The brain thrives on ketones, due to a wide array of mechanisms from energy metabolism to the signaling roles of ketones

Keto diet + intermittent fasting

Keto paired with intermittent fasting can work very well together and create a nice symbiotic relationship. In essence, since the diet is so satiating, it becomes easier to go extended lengths of time without food making intermittent fasting easier, and since fasting is the surest way to enter ketosis, intermittent fasting can make entering and sustaining a state of ketosis easier.

What to eat on the keto diet.

Here are the basic keto-friendly foods you want to focus on with a ketogenic diet to provide your body with ample fat, some protein, and minimal carbs (while still getting in plenty of fiber).

Protein

Beef

Salmon

Eggs

Chicken thighs (skin on)

Tempeh

Vegetables

Leafy greens (arugula, spinach, kale, etc.)

Broccoli

Cauliflower 

Zucchini

Mushrooms 

Fruits

Avocado 

Olives 

Raspberries 

Wild Blueberries

Nuts and seeds

Macadamia Nuts 

Pili Nuts 

Pecans 

Pumpkin Seeds 

Hemp Seeds

Oils

MCT Oil 

Avocado Oil 

Extra-Virgin Olive Oil 

Coconut Oil

Dairy

Butter

Ghee

Heavy Cream 

Full-fat Sour Cream

Full-fat Yogurt (sugar-free)

Cheese

Drinks

Coffee (option to add MCT oil or coconut oil)

Tea

Sparkling water 

Sugar-free beverages (preferably sweetened with stevia, or other non-artificial sweeteners)

Foods to avoid on the keto diet.

Avoiding these foods is key to keeping your carb count low enough to enter a state of ketosis. 

Legumes

Grains (e.g., whole grains, flours, baked goods)

Glycemic sweeteners like refined sugar, honey, maple syrup, coconut sugar, agave

High-sugar fruits

Starchy vegetables (e.g., potatoes, beets, carrots, yams)

ketogenic diet: 5 tips for beginners.

There really is no right or wrong way to start a ketogenic diet. You can ease into it, eliminating carbohydrates from the diet slowly or dive in headfirst and cut them out entirely.

People tend to overthink the ketogenic diet, especially if you are switching from a very carbohydrate-heavy diet. But you should get the hang of it pretty quickly by following these tips:

Focus on eliminating the carbohydrates first, before focusing on adding the fat. The carbohydrate restriction is really the most important component of the diet if you want to enter ketosis. Once you get used to subbing cauliflower rice for rice or zucchini noodles for pasta, you'll start to realize just how sustainable the ketogenic diet can be.

Make sure to supplement with electrolytes during the beginning stages of the diet to avoid any flu-like symptoms associated with electrolyte imbalances and dehydration.

Don't stress over ketone readings—judge how the diet is working for you based on how you feel!

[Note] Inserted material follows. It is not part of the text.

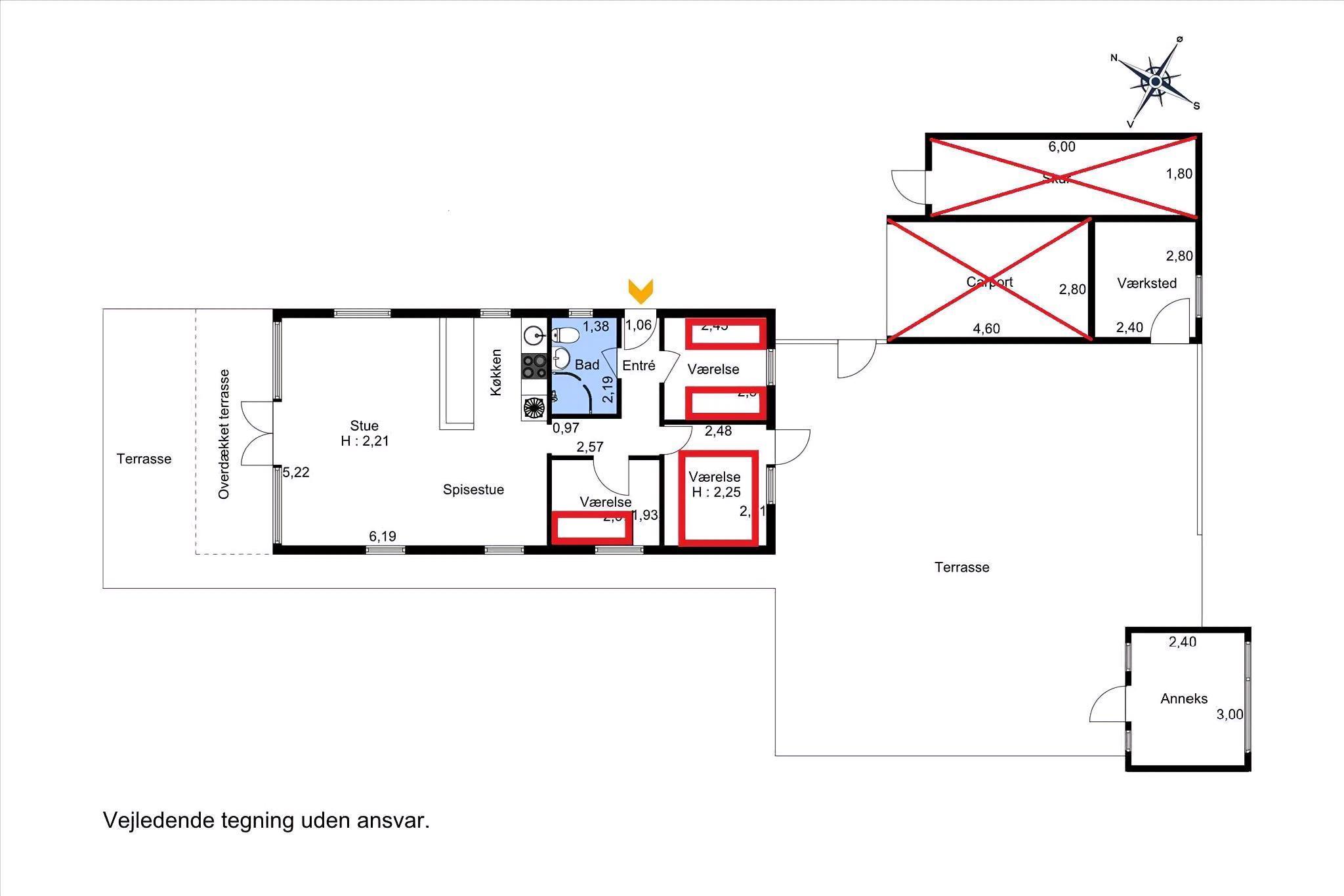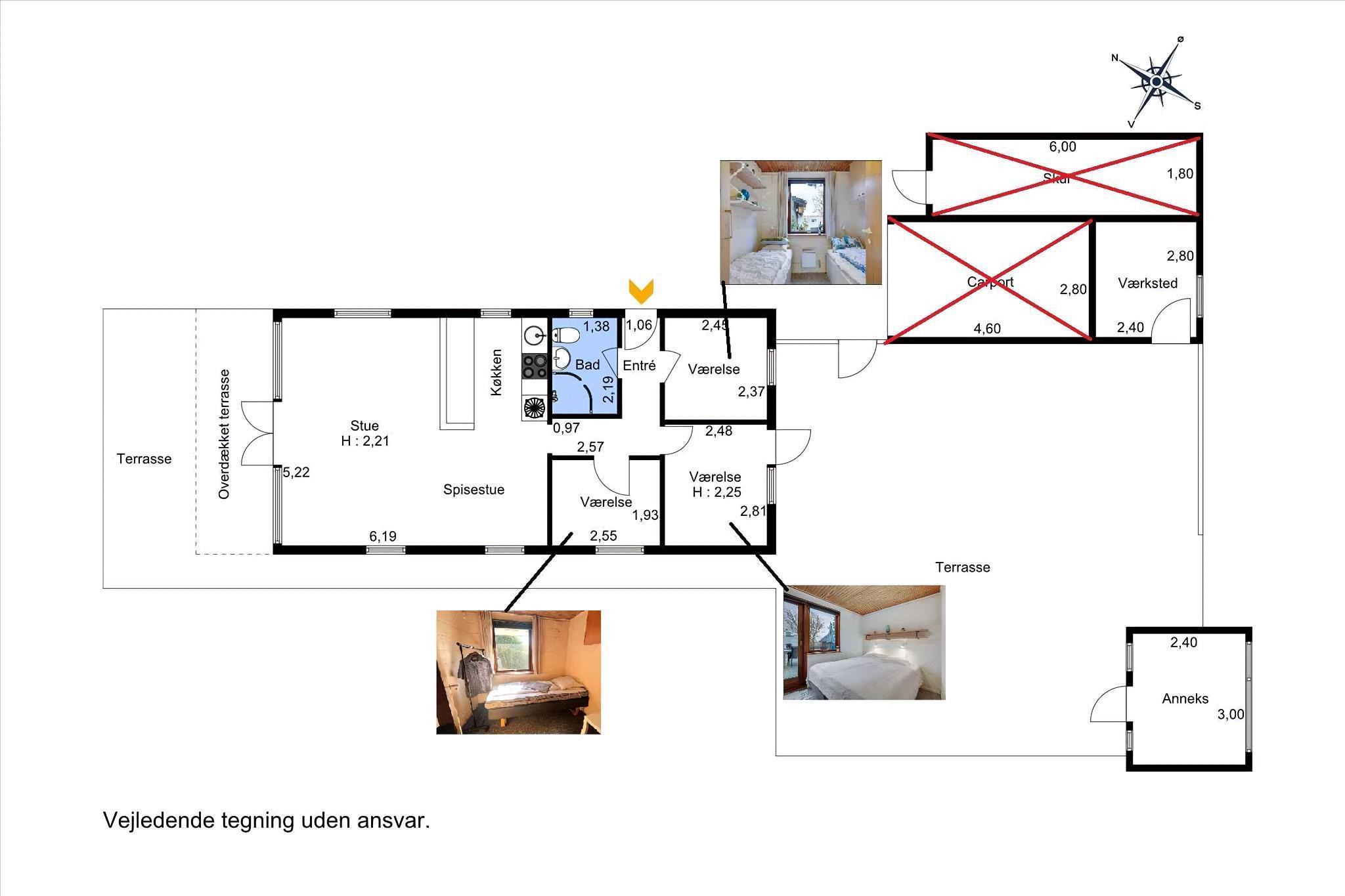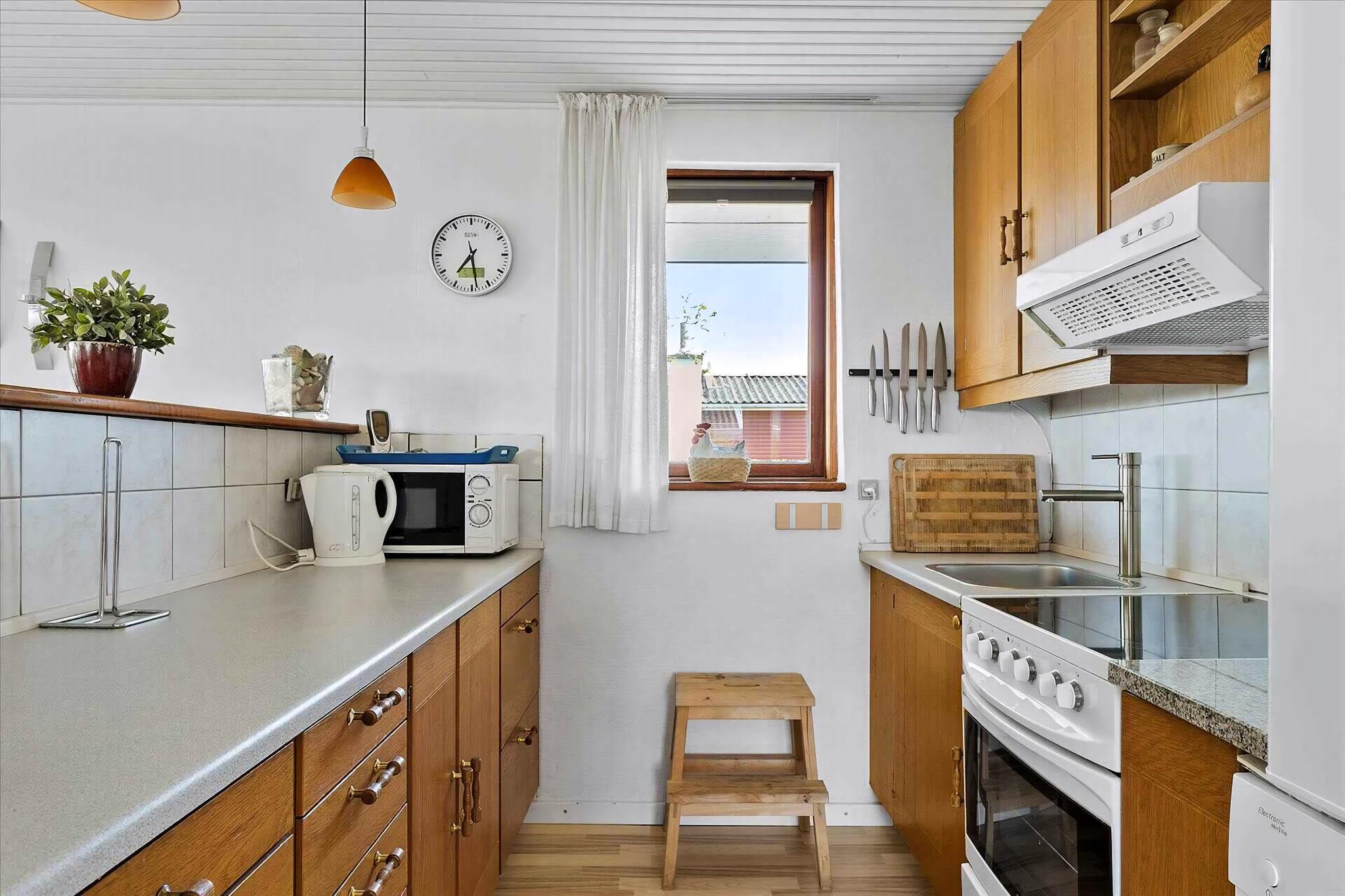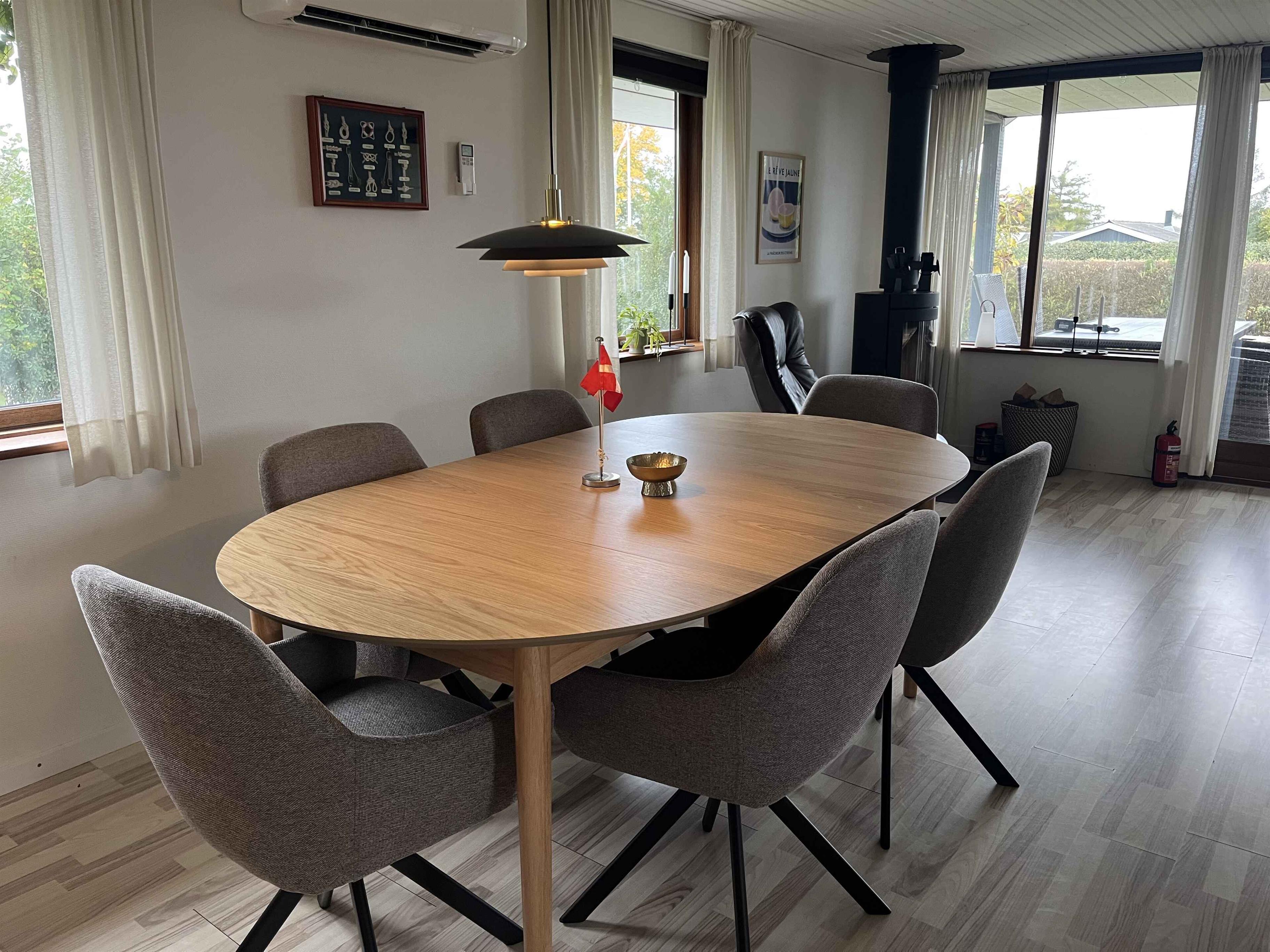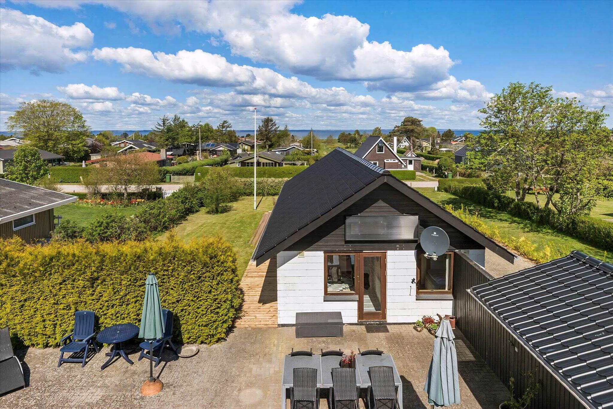 I et roligt ferieområde, ikke langt fra børnevenlig badestrand med badebro, ligger dette dejlige sommerhus med havudsigt fra såvel hus som grund. Huset er indrettet med 3 soveværelser. Sommerhuset egner sig til 5 personer. Ferieboligen er på 70 m² og er bygget i 1970. Ferieboligen er udstyret med både brændeovn og energibesparende varmepumpe. Ferieboligen har vaskemaskine. Til de små er der 1 stk. barnestol. Der er badeværelse med bruseniche og toilet. Der er gulvvarme på badeværelset. Der er i alt 3 soveværelser. Sovepladserne fordeler sig på: 2 sovepladser i dobbeltseng. 3 sovepladser i enkeltsenge. Derudover er der 1 stk. weekendseng. Ferieboligen er beliggende på en 721 m² stor havegrund. Grunden er indhegnet. Der er 675 m til havet. Nærmeste forretning er beliggende i en afstand af 8000 m. Ferieboligen har gode terrasser på begge sider af huset. Bag huset er en skøn ugenert og solrig terrasse, på forsiden en mindre og delvist overdækket terrasse. På lune aftener sørger en udendørs pejs for hyggelig stemning. Grill til rådighed. Parkering ved ferieboligen. Køkkenet er udstyret med køleskab med frysekapacitet på 30 liter. Der er 4 keramiske kogeplader, varmluftovn, mikrobølgeovn, airfryer samt opvaskemaskine. I ferieboligen er der TV, Chromecast. Bluray-afspiller. Stereoanlæg med radio og CD-afspiller og Bluetooth højttaler. Der er 14 danske kanaler. 5 svenske kanaler. 7 norske kanaler. 10 tyske kanaler. 3 engelsksprogede kanaler Der er trådløst internet til rådighed.

Track macros in the beginning to learn where hidden carbs may be hiding in your diet—because they can definitely sneak up on you! As you start out, this can be a great tool and teach you a lot about your food choices. But that said, don't forget about your intuition. If you are full but you haven't hit your "targets" for the day, don't force yourself to eat based on this. Always try to eat as intuitively as you can

Don't be hard on yourself, the ketogenic diet is not supposed to be stressful. If you slip up and eat a piece of bread, your diet isn't ruined—just start fresh the next day. One helpful way to think about it: Picture "cheating" as filling up your glucose tank; the more you fill it up, the longer it will take to empty before switching back into ketosis. So if you eat a few extra carbs, don't fall guilty to the "Well, I already had one; I might as well have five" mentality.